* [RECORD EXCERPTS]
Segment Open
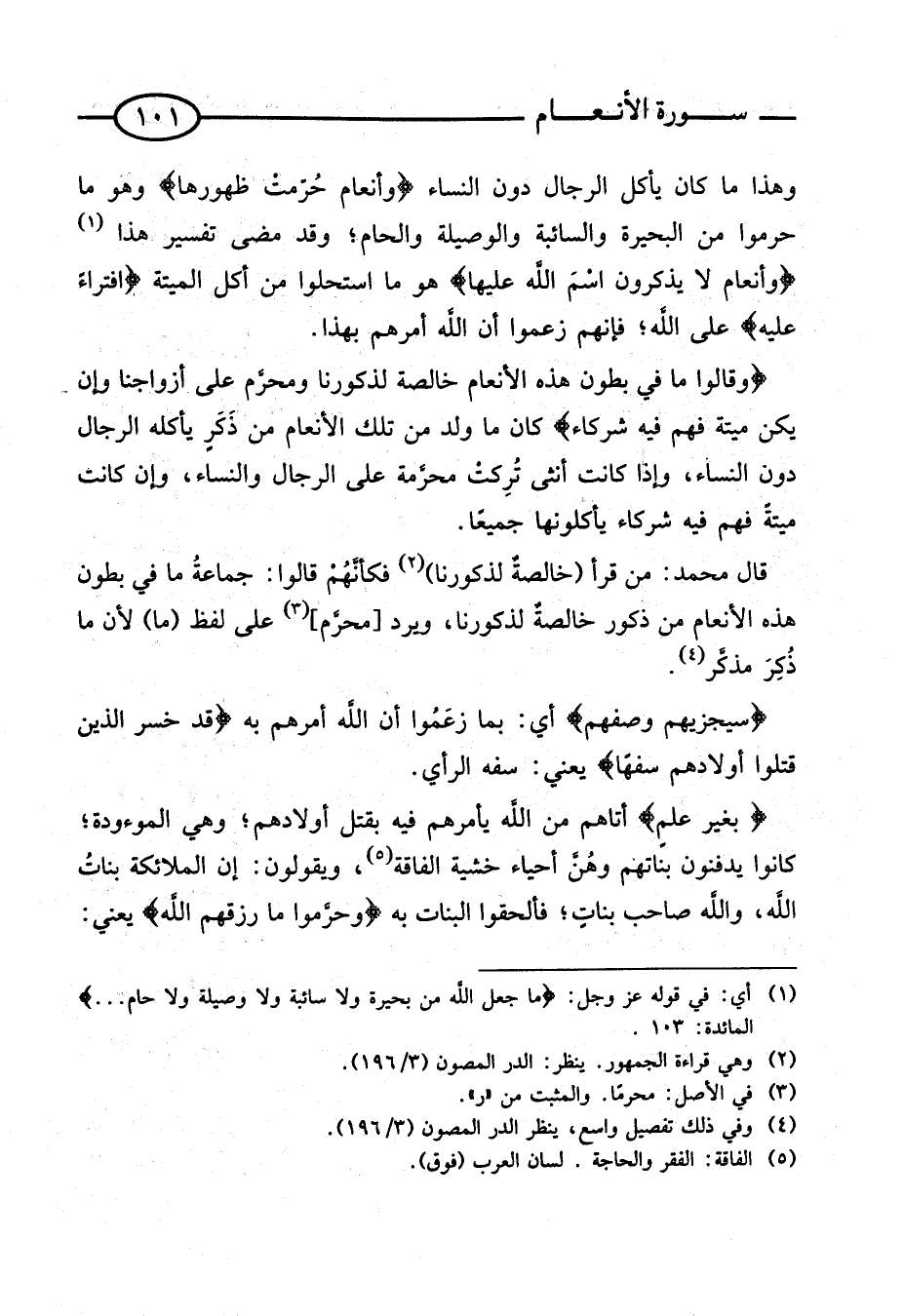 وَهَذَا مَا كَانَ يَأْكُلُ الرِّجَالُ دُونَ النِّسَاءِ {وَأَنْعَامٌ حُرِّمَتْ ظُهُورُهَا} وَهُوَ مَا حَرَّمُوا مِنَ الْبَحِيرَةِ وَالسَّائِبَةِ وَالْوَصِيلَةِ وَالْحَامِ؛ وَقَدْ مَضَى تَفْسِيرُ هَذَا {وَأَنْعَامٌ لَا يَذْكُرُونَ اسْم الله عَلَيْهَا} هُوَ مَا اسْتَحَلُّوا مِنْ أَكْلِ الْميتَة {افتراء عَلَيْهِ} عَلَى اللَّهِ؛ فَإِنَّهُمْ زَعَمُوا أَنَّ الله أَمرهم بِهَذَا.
Segment Closed
Segment Open
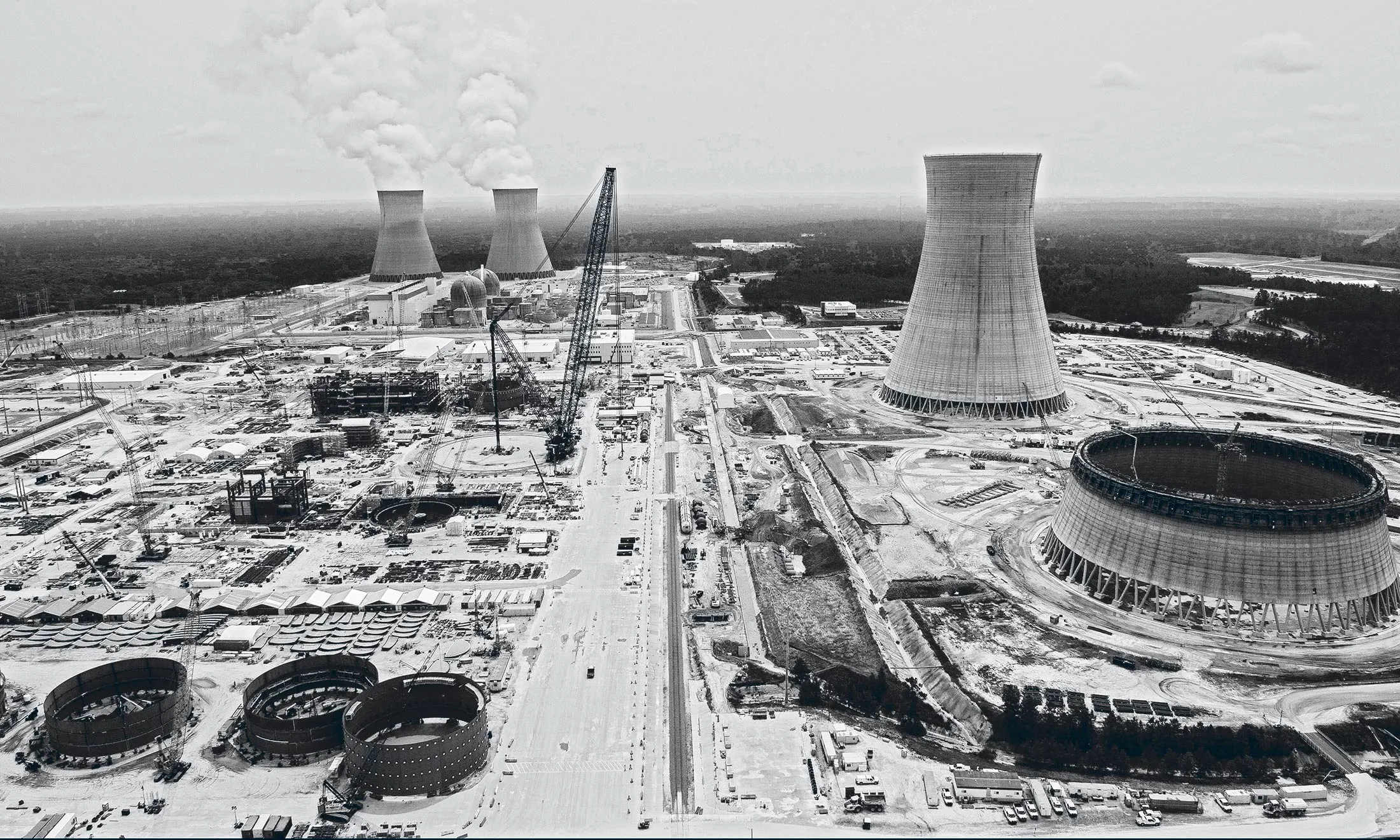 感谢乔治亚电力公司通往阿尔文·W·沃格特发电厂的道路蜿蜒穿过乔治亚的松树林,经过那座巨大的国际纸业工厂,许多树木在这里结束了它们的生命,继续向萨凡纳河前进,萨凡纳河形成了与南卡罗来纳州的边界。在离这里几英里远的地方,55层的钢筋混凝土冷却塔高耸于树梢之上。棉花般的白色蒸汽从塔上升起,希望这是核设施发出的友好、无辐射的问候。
Segment Closed
Segment Open
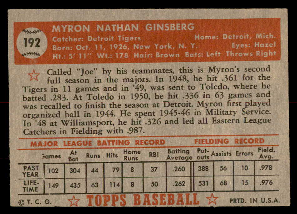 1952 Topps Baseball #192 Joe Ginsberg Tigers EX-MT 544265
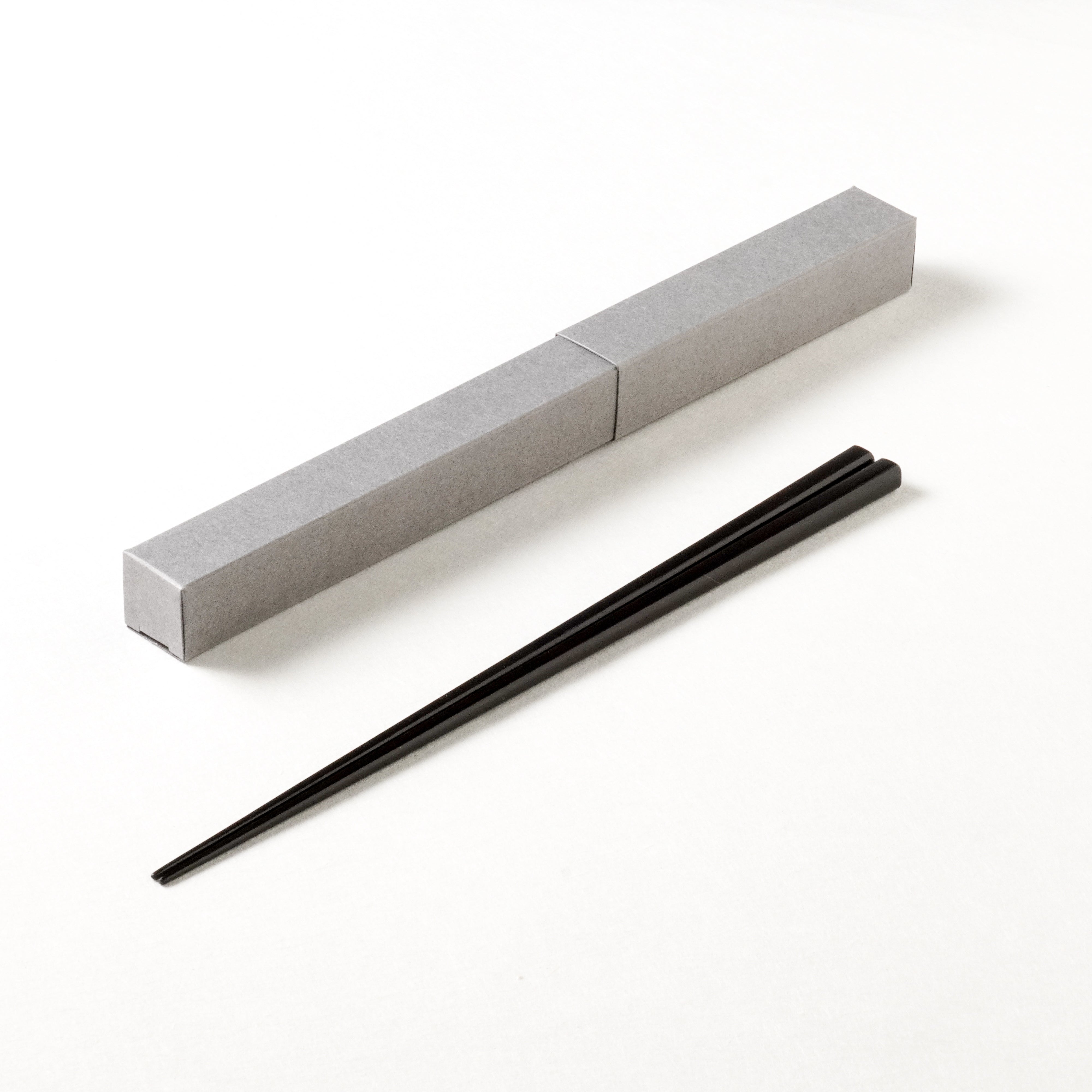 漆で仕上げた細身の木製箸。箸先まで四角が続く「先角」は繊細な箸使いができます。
Segment Closed
* [ASSIGNMENT] In the listing above, find the line with "1952 Topps Baseball" and the line with "漆で仕上げた細身の木製箸。箸先まで四角が続く「先角」は繊細な箸使いができます。". Copy both of them and every line between, exactly, but not the pictures.

* [COMPLETED EXERCISE]
 1952 Topps Baseball #192 Joe Ginsberg Tigers EX-MT 544265
 漆で仕上げた細身の木製箸。箸先まで四角が続く「先角」は繊細な箸使いができます。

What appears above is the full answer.